In launching the online K-12 venture this fall, Pasco school district officials projected that students would enroll in 650 courses all year.
Already, the program has attracted more than 1,000 course enrollments in grades 6-12. More than 800 requests are pending for the second semester before official registration begins, administrator JoAnne Glenn told the School Board on Tuesday.
"We were hoping to open slowly," Glenn said. "We opened at an amazing pace."
Interest was so strong that the eSchool had to hire nine teachers beyond the original 28 it selected to instruct the virtual courses.
Much of the interest has come from high school students who want to split their time between regular and online classes.

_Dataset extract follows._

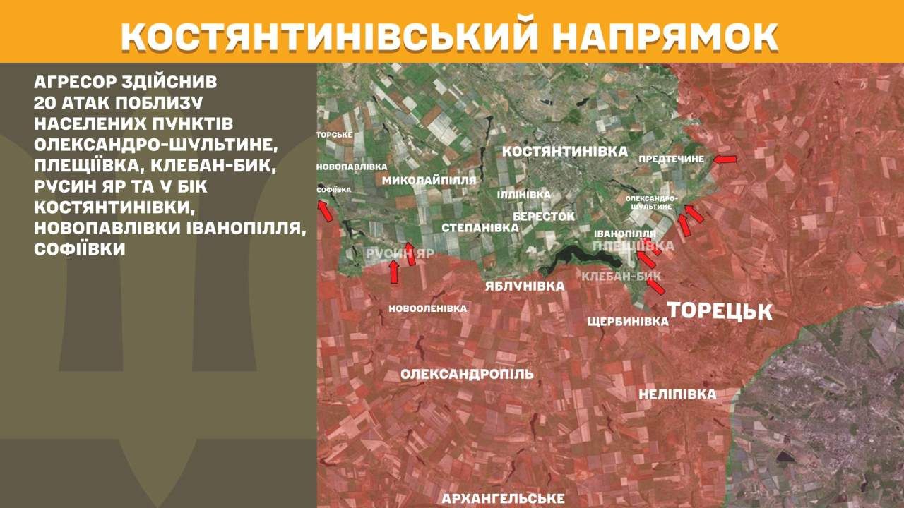 На Костянтинівському напрямку агресор здійснив 20 атак поблизу населених пунктів Олександро-Шультине, Плещіївка, Клебан-Бик, Русин Яр та у бік Костянтинівки, Новопавлівки Іванопілля, Софіївки.

Three schools — Schwettman Education Center, Irvin Education Center and Mitchell High — have made their campus computer labs available for students to take the courses without going home.
At the education centers, that has allowed students to make up credits needed to get back on track for an on-time high school graduation, Glenn said. At Mitchell, it has given students the opportunity to take advanced Spanish and algebra classes that they otherwise could not access.
"Virtual provides for students to accelerate their learning," Glenn explained.
She expected other schools to look into making space available for students to take online courses. One of the key concerns remains supervision.
Some schools might not be able to sacrifice an employee to monitor the computer lab, especially in lean financial times. But if enough students show interest, that might justify the expense.
Board member Kathryn Starkey asked if students in lower grades can take virtual courses in upper levels.
The eSchool doesn't offer that option currently, Glenn said, but it is on the table for consideration. Virtual schooling is supposed to let students work at their own pace and their own level, she noted, so it would make sense.
"That has been one of the policy and procedural issues we have been working on behind the scenes," Glenn said. "We have to go slowly. … (But) we do want to make sure we have courses available for the students who are ready."
District officials did not begin full planning for the eSchool until the late spring. They had lobbied Florida lawmakers to back off their mandate that every county have an independent online school for K-8 students, arguing the money could be spent better.
Instead, the Legislature expanded the mandate to include all grade levels. Pasco didn't even have its online instructors hired until August.
Now it's working on more of the fine points, such as marketing and cross-level course enrollment. The school is forming an advisory council to help guide its path.